On that latter point, he’s eyeing companies in one of the more interesting and potentially lucrative trends in media today: branded entertainment. Slowly but surely, major advertisers are becoming entertainment financiers, getting their brands in front of people beyond the typical ad break — whether it’s between TV shows or social media posts.
“We think it’s likely we will have an entertainment division because part of our strategy is to develop intellectual property and entertainment formats of our own,” said Freedman.
This way, Common Interest has more credibility in convincing CMOs they can create their own entertainment.
There are two businesses the group believes could help with this: one is a startup they’re looking to invest in, the other is a business they’re looking to acquire — both straddling advertising and entertainment that Freedman declined to name.
“These companies will be built around people with ideas and an ambition to create original content that exists to entertain,” said Freedman. “We have a strong network to help both realize that ambition as well as find an audience for those ideas. We also build much more credibility to help brands operating in popular culture if we’re also operating as part of the entertainment industry.”
More broadly, the group’s credibility seems to be doing just fine. In fact, conversations are already happening with some clients about working with its businesses across the group rather than separately.
It’s a testament to how far Common Interest has come since its launch last September.
“What’s important to note is that cultural relevance goes beyond entertainment or a relevant celebrity in your ad,” said Diageo’s former head of culture and entertainment Leila Fataar, who now runs her own agency Platform13. “We are in a world of radical transformation. With consumer attention the fiercest it’s ever been, a fragmented media (digital and virtual) landscape, new commerce models driven by intuitive Web3 behaviors, and AI gone mainstream, the traditional funnel is no longer fit for purpose.”

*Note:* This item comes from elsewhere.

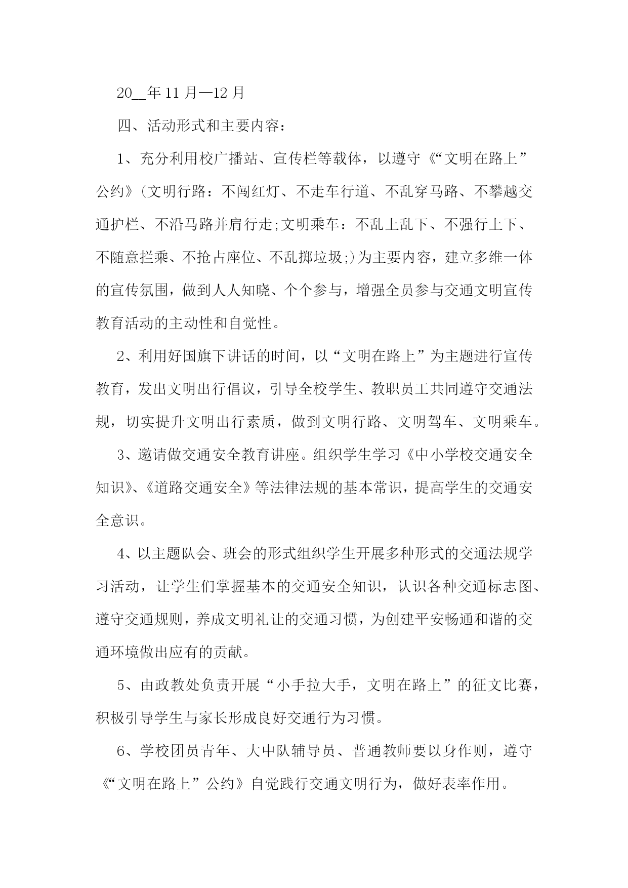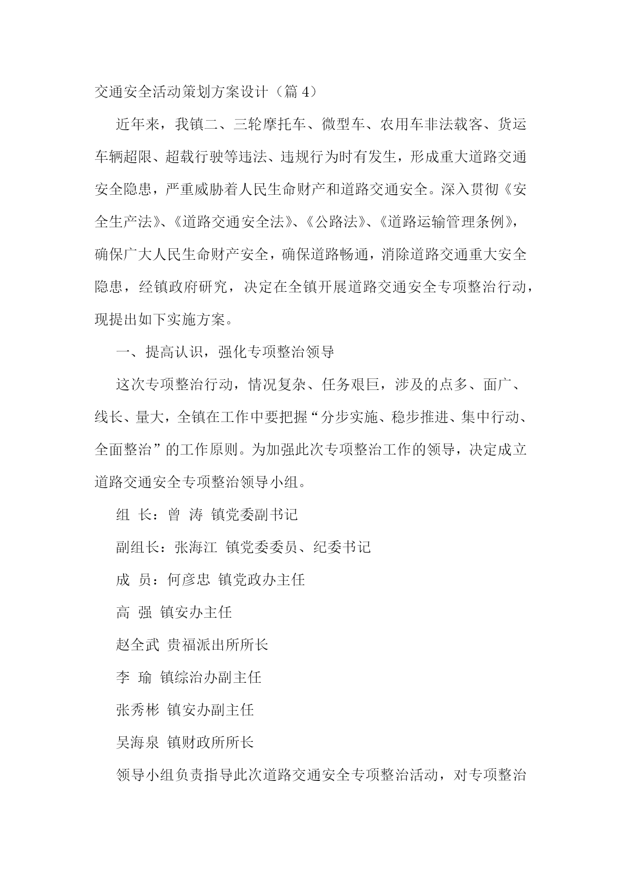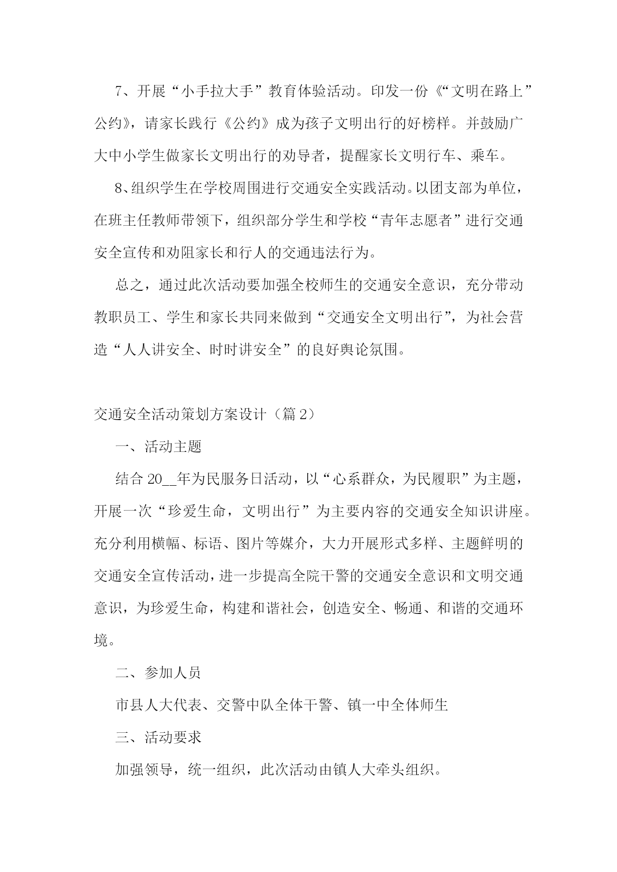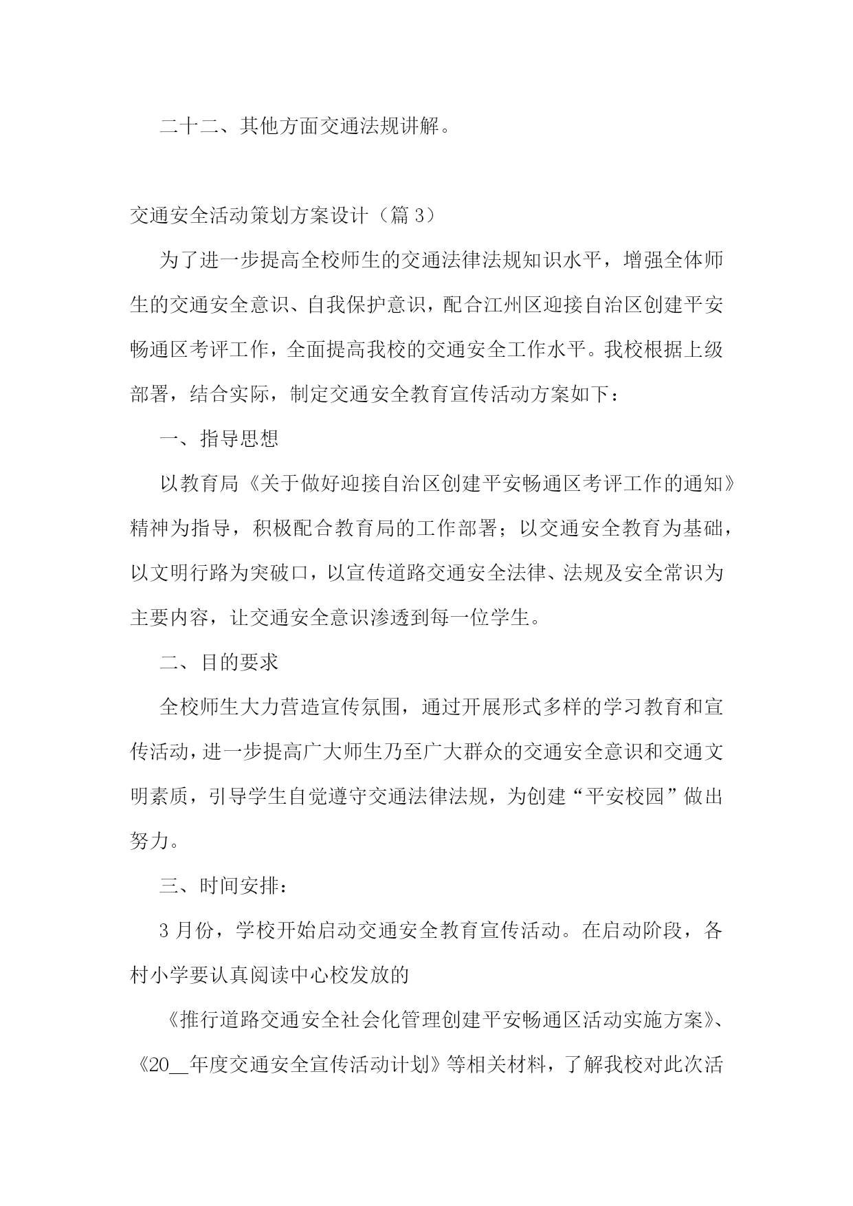 交通安全活动策划方案设计交通安全活动策划方案设计(篇1)为进一步增强全校师生和家长的交通安全法治意识和文明交通意识,规范交通安全行为,提高交通安全自我防护能力,预防和减少交通事故。根据市教育局宁教基[20__]119号文件精神的安排,根据我校实际情况,制定科学合理的实施计划,积极采取有效措施,开展“小手拉大手,文明在路上”交通安全主题宣传教育活动,确保学生交通安全宣传教育工作取得实效。一、成立活动领导小组:组长:__主任:__组员:__二、指导思想:倡导文明交通行为,是改善城市交通秩序,缓解交通拥堵、预防和减少道路交通事故、形成良好文明交通风尚的重要举措,是弘扬社会主义荣辱观、构建社会主义和谐社会的实际行动,也是推进社会主义精神文明建设、提升市民文明交通素质和城市文明形象的有效载体。通过组织开展交通文明宣传实践活动,提升全校师生的交通文明意识,引导全校师生积极倡导和自觉践行文明行路、文明驾车、文明乘车行为;并通过“小手拉大手”等形式,影响家长乃至全社会进一步强化交通文明意识,共同营造文明礼让、和谐顺畅的交通环境。三、活动时间:20__年11月—12月四、活动形式和主要内容:1、充分利用校广播站、宣传栏等载体,以遵守《“文明在路上”公约》(文明行路:不闯红灯、不走车行道、不乱穿马路、不攀越交通护栏、不沿马路并肩行走;文明乘车:不乱上乱下、不强行上下、不随意拦乘、不抢占座位、不乱掷垃圾;)为主要内容,建立多维一体的宣传氛围,做到人人知晓、个个参与,增强全员参与交通文明宣传教育活动的主动性和自觉性。2、利用好国旗下讲话的时间,以“文明在路上”为主题进行宣传教育,发出文明出行倡议,引导全校学生、教职员工共同遵守交通法规,切实提升文明出行素质,做到文明行路、文明驾车、文明乘车。3、邀请做交通安全教育讲座。组织学生学习《中小学校交通安全知识》、《道路交通安全》等法律法规的基本常识,提高学生的交通安全意识。4、以主题队会、班会的形式组织学生开展多种形式的交通法规学习活动,让学生们掌握基本的交通安全知识,认识各种交通标志图、遵守交通规则,养成文明礼让的交通习惯,为创建平安畅通和谐的交通环境做出应有的贡献。5、由政教处负责开展“小手拉大手,文明在路上”的征文比赛,积极引导学生与家长形成良好交通行为习惯。6、学校团员青年、大中队辅导员、普通教师要以身作则,遵守《“文明在路上”公约》自觉践行交通文明行为,做好表率作用。7、开展“小手拉大手”教育体验活动。印发一份《“文明在路上”公约》,请家长践行《公约》成为孩子文明出行的好榜样。并鼓励广大中小学生做家长文明出行的劝导者,提醒家长文明行车、乘车。8、组织学生在学校周围进行交通安全实践活动。以团支部为单位,在班主任教师带领下,组织部分学生和学校“青年志愿者”进行交通安全宣传和劝阻家长和行人的交通违法行为。总之,通过此次活动要加强全校师生的交通安全意识,充分带动教职员工、学生和家长共同来做到“交通安全文明出行”,为社会营造“人人讲安全、时时讲安全”的良好舆论氛围。交通安全活动策划方案设计(篇2)一、活动主题结合20__年为民服务日活动,以“心系群众,为民履职”为主题,开展一次“珍爱生命,文明出行”为主要内容的交通安全知识讲座。充分利用横幅、标语、图片等媒介,大力开展形式多样、主题鲜明的交通安全宣传活动,进一步提高全院干警的交通安全意识和文明交通意识,为珍爱生命,构建和谐社会,创造安全、畅通、和谐的交通环境。二、参加人员市县人大代表、交警中队全体干警、镇一中全体师生三、活动要求加强领导,统一组织,此次活动由镇人大牵头组织。四、活动形式采取大会形式,集中讲解交通安全法律法规,特别是与中小学生有切身联系的交通法规五、活动内容一、自觉遵守交通法律法规,主动维护交通秩序,服从公安机关的管理。二、不驾乘无牌、无证摩托车,驾驶摩托车不超员、超载。三、骑电瓶车、自行车、三轮车等非机动车应靠边行驶,不得突然猛拐、相互追逐。自行车、三轮车不得加装动力装置四、不在道路上强行拦车、扒车、追车和抛物击车,不携带易燃、易爆等危险物品乘坐公共汽车、出租车和长途客车。五、不驾驶报废车、拼装车上路行驶。不无证驾驶机动车,不使用拖拉机、农用三轮车、老年车载人营运。六、行人通过路口或者横过道路,应当走人横道或者过街设施。不翻越公路护栏、交通隔离墩、隔离栏,七、行人通过有交通信号灯的人行横道,应当按照交通信号灯指示通行。八、行人通过没有交通信号灯、人行横道的路口,或者在没有过街设施的路段横过道路,确认安全后直行通过,不得在车辆临近时突然加速横穿或者中途倒退、折返。九、在机动车道上不得从机动车左侧上下车,开关车门不得妨碍其他车辆和行人十、学前班儿童在道路上行走须有家长或教师带领,未满12岁的学生不得在道路骑自行车、三轮车和推、拉人力车。不得在公

Clearly, Common Interest is being positioned to run counter to marketing’s obsession with quantification. Yet, the group’s bosses don’t dismiss those ideas completely. They know that paid performance, for instance, is important to amplify certain ideas for more reach, but they’re not driven by those metrics. Not when so much of that is controlled and increasingly commodities by the technology platforms themselves these days. It’s up to marketers to come up with strong ideas that can exist in spite of all that.
“We’re much more an origination business than a functional implementation business,” said Freedman.
This won’t be for every marketer, and he knows it. In many ways, it’s a niche play.
“Our strategy is not to try to persuade CMOs that are not inclined to think about things in this way to spend budget with Common Interest,” said Freedman. “We’re here to create a new and different option for CMOs who have already come to the conclusion that cultural relevance is a competitive advantage.”
He’s really talking about those marketers who have reached that point in their careers where they recognize the importance of building a strong brand. For many, the pandemic was a moment of clarity. Brand advertising was the key that enabled companies to corkscrew through the inflationary period of the past two years. Time and again, CEOs mentioned on conference calls how the strength of their brands allowed them to pass inflation costs to consumers. Not paid advertising. Not programmatic. Brand strength.
“It’s a tough job,” said Fataar, who has written a book ‘Culture Led Brands’ on this topic. “Done right, it’s emotional, it makes people feel something by driving both reach and relevance, hype and depth, pulling people to your brand, not pushing your brand on people.”